The Spanish government will “analyse various options” that have opened up in the wake of the announcement from IAG International Airlines Group this week that it was in advanced talks to suspend the planned acquisition of Air Europa (UX, Palma de Mallorca), a representative of the office of Deputy Prime Minister Nadia Calviño has told local media. This is especially the case given the state loans already provided to the beleaguered long-haul specialist.

IAG and Air Europa parent Globalia issued a joint release on December 16 to follow up the group's announcement the previous day, confirming they had terminated their previous agreements and that the group will pay Globalia EUR75 million euros (USD85 million) as a break-fee and compensation. However, IAG “also reached an understanding with Globalia to evaluate, before the end of January 2022, alternative structures that may be of interest to both companies and offer significant benefits for their shareholders, customers, and employees.” Both parties agreed that the amount paid will be subtracted from any future purchase price.

Spain's government, meanwhile, is studying a contingency plan for the carrier and will do everything necessary to guarantee its survival, its spokesperson said. The Ministry of Economy has previously considered Air Europa “strategic for Spain due to its importance for the sectors of aviation and tourism.”

With talks on the merger with Iberia now frozen and the future uncertain, Madrid “wants to send a message of reassurance to Air Europa’s employees, customers, and suppliers. The government is going to analyse the various options that are available in this situation, with the intention of guaranteeing the continuity of activities and operations,” Calviño’s office said, as quoted by digital newspaper El Confidencial.

“The executive made its intentions clear from the first moment by lending its support. Through SEPI and the ICO we have made available to the company a significant amount of financial resources, more than EUR600 million [USD679 million],” the statement continued.

In November 2020, Spain’s sovereign wealth fund (Sociedad Estatal de Participaciones Industriales - SEPI) awarded EUR475 million (USD537 million) to the embattled carrier, while early in the pandemic the state-owned bank Instituto de Credito Oficial (ICO) provided Globalia with a loan of around EUR140 million (USD158 million).

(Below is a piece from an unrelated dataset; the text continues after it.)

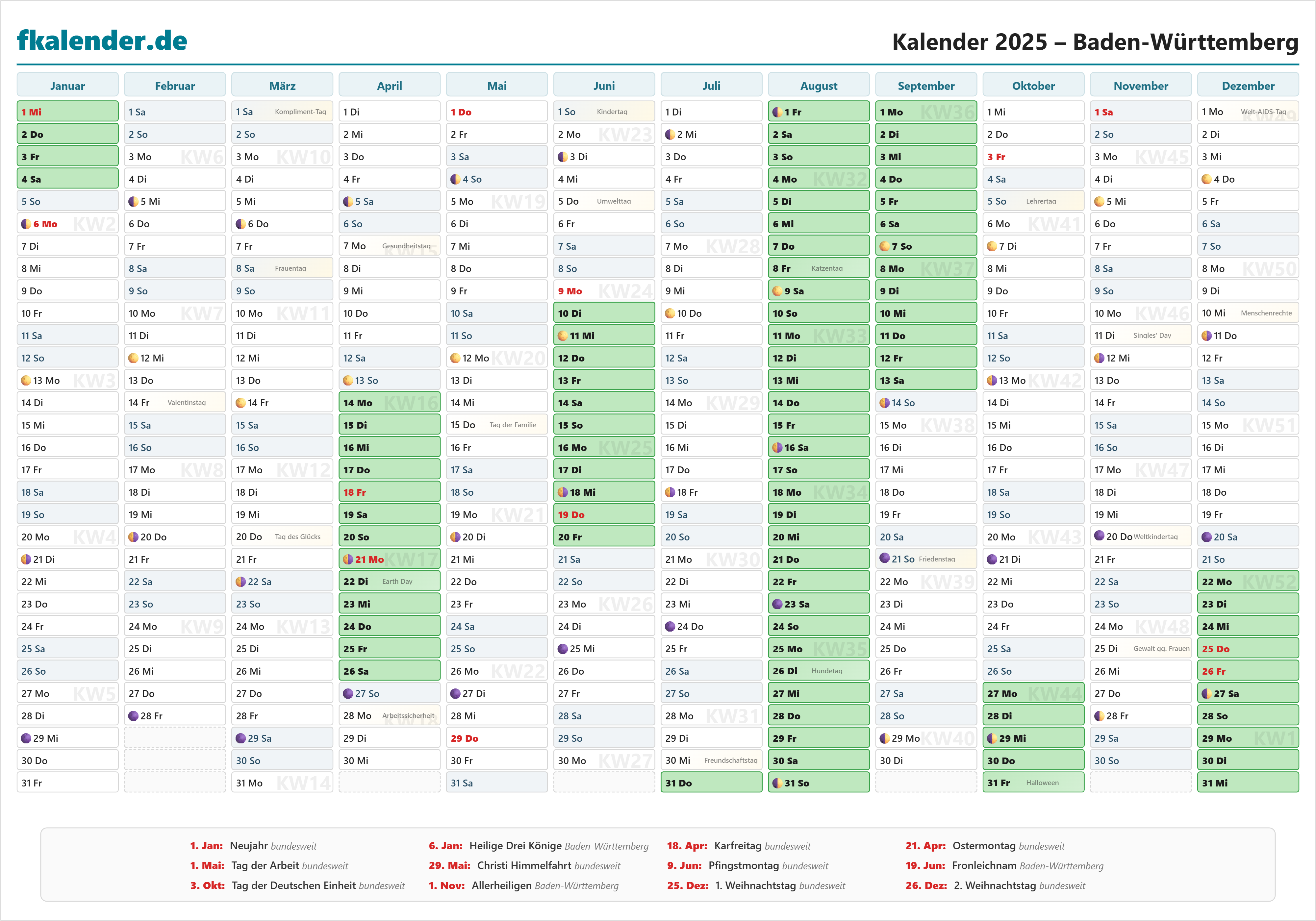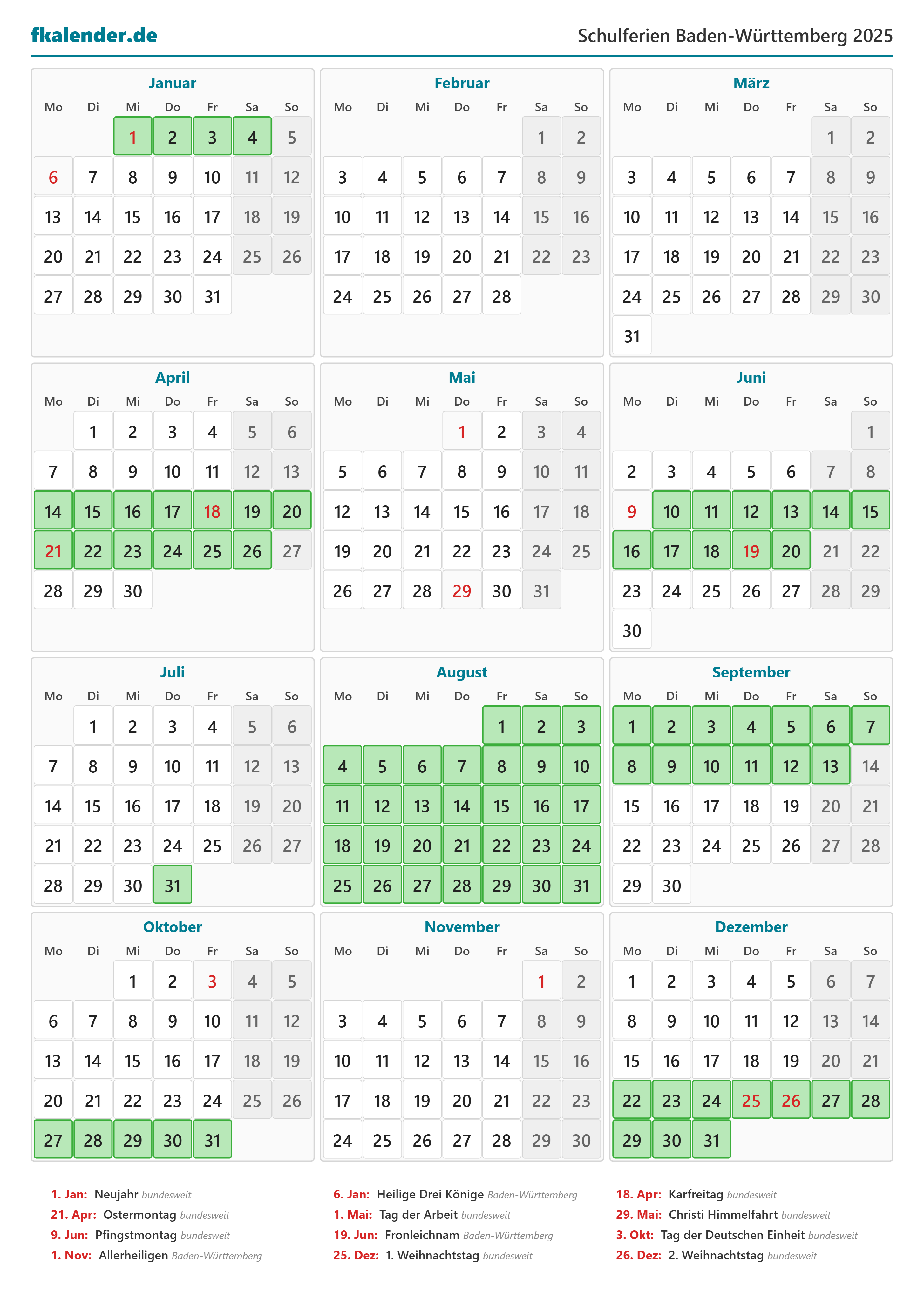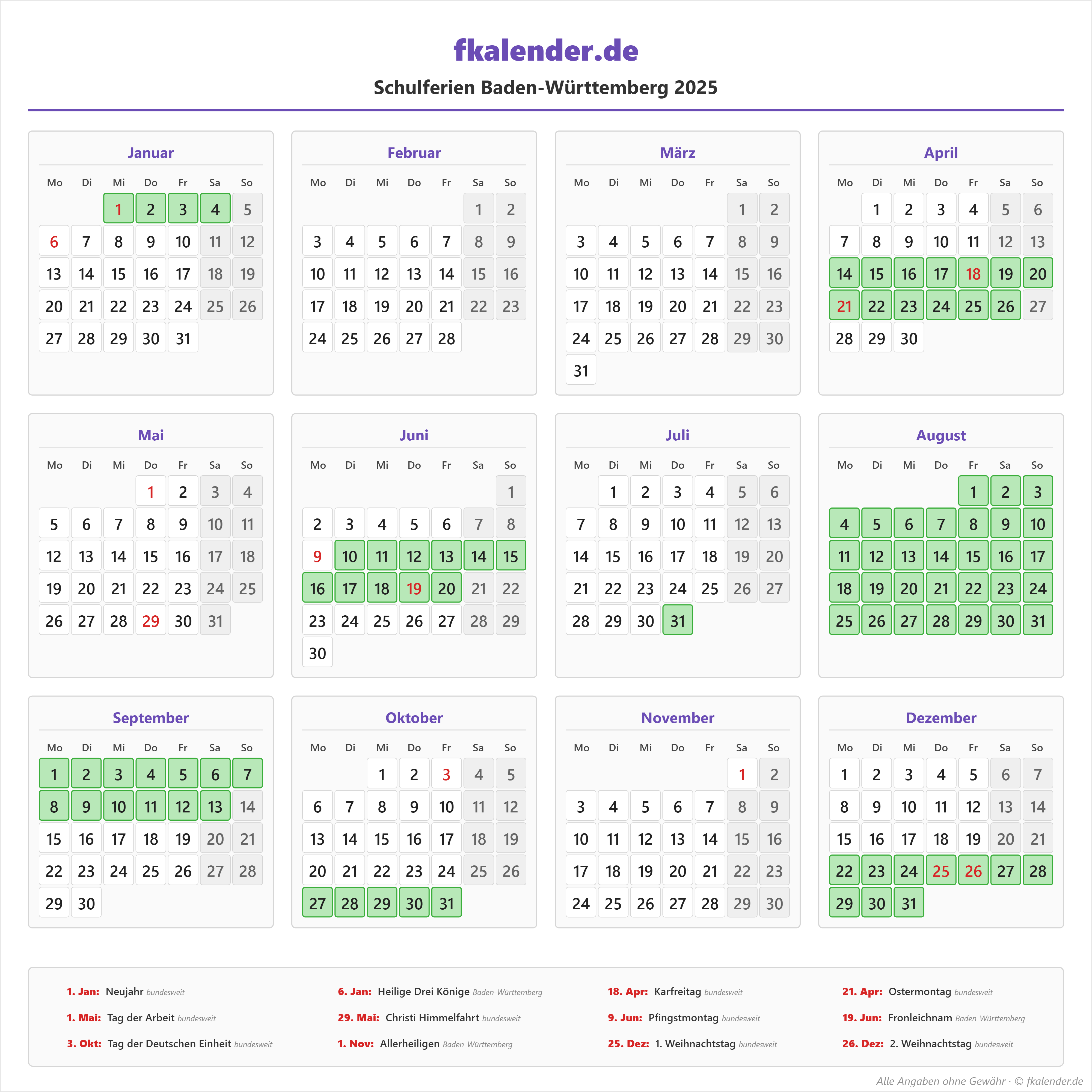 Ferienkalender Baden-Württemberg 2025 herunterladen

Globalia also currently owes an estimated EUR800 million (USD905 million) to banks and suppliers.

“In this difficult environment for the air transport sector, the government will continue working to strengthen its business solvency, protecting adequate competition for the benefit of travellers, and ensuring the proper use of public resources at all times,” the statement concluded. “The government is continuously monitoring the evolution of the air transport sector to guarantee the adequate functioning of its services and operations and facilitate the adaptation of airlines to the conditions created by the pandemic.”

Xavier Ramis, general director for ports and airports in the government of the Balearic Islands, affirmed to the Majorca Daily Bulletin that the state “will help the company as much as it can to guarantee its continuity, as Air Europa is a company based in Mallorca that has always been committed to inter-island connectivity and links with the mainland and the European market.”

For the Balearic government, the airline is viable and the objective is to help it and so maintain thousands of jobs at the Globalia headquarters located in Llucmajor, he said, stressing: “We are a tourist destination and air connectivity is key, so we will support Air Europa to restart its line of work in the current situation.”

The Association of Travel Agencies of the Balearic Islands also said it was vital “Air Europa does not disappear, so the competent authorities must do everything possible to maintain its activities, especially as it is such a strategic and fundamental airline for the Balearic Islands.”

Meanwhile, the European Commission released its own statement on the matter on December 16, saying it “confirms that the discussions with the companies and the proposed remedy package thus far were not able to adequately address the competition concerns identified by the commission.”

Executive Vice-President Margrethe Vestager said its investigation “indicated that the merger would have negatively affected competition on some domestic, short-haul, and long-routes within, to, and from Spain. [...] The remedies submitted did not fully address our competition concerns. Competitive transport markets offer connectivity with a wide offering of affordable flights. This should be preserved for when demand returns fully and travelling picks up once again.”